Lee Se-Yeol

Personal information
- Nationality: South Korea
- Born: 15 October 1990 (age 35) Jeollanam-do, South Korea
- Height: 1.80 m (5 ft 11 in)
- Weight: 84 kg (185 lb)

Sport
- Sport: Wrestling
- Event: Greco-Roman
- Club: Korea Minting and Security Printing Corporation
- Coached by: Kim Jin Kyu

Medal record
Men's Greco-Roman wrestling
Representing South Korea
Asian Games
| Silver medal – second place | 2010 Guangzhou | 84 kg |
Asian Championships
| Gold medal – first place | 2010 Delhi | 84 kg |

= Lee Se-yeol =

South Korean Greco-Roman wrestler

Lee Se-Yeol (born October 15, 1990, in Jeollanam-do) is an amateur South Korean Greco-Roman wrestler, who played for the men's light heavyweight category. In 2010, Lee defeated Japan's Norikatsu Saikawa for the gold medal in his respective division at the Asian Wrestling Championships in Delhi, India, and eventually captured a silver at the Asian Games in Guangzhou, China, losing out to Iran's Taleb Nematpour.

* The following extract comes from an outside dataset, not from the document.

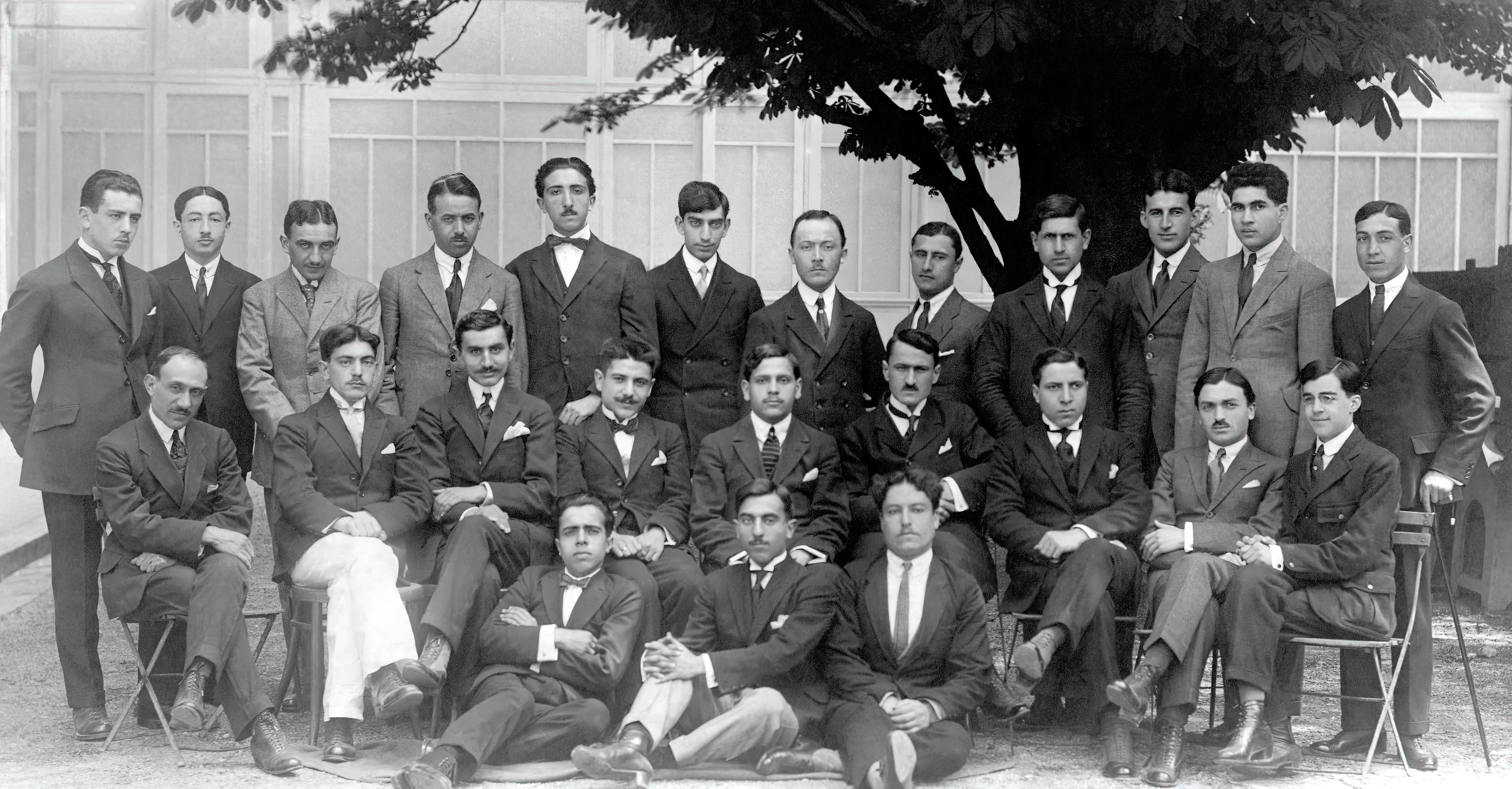 Azerbaijani students in Paris celebrating Independence Day (28 May 1920)
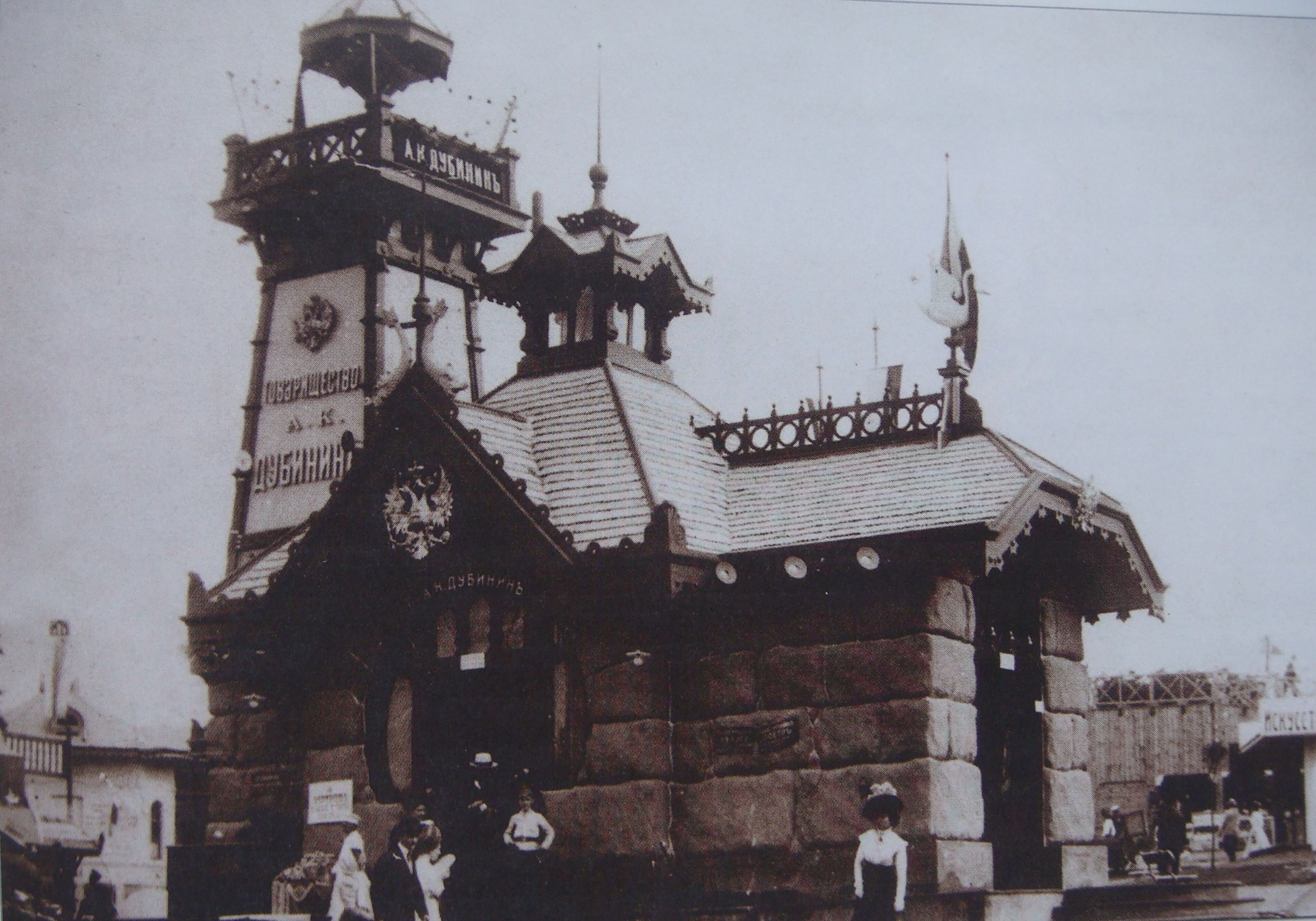 Pavilion of Dubinin Co at Odessa Art & Industry Exposition. 1910.

Lee represented South Korea at the 2012 Summer Olympics in London, where he competed for the men's 84 kg class. He lost the qualifying round match to Bosnian-born Austrian wrestler Amer Hrustanović, who was able to score four points in two straight periods, leaving Lee without a single point.

He competed in the 97 kg event at the 2022 World Wrestling Championships held in Belgrade, Serbia.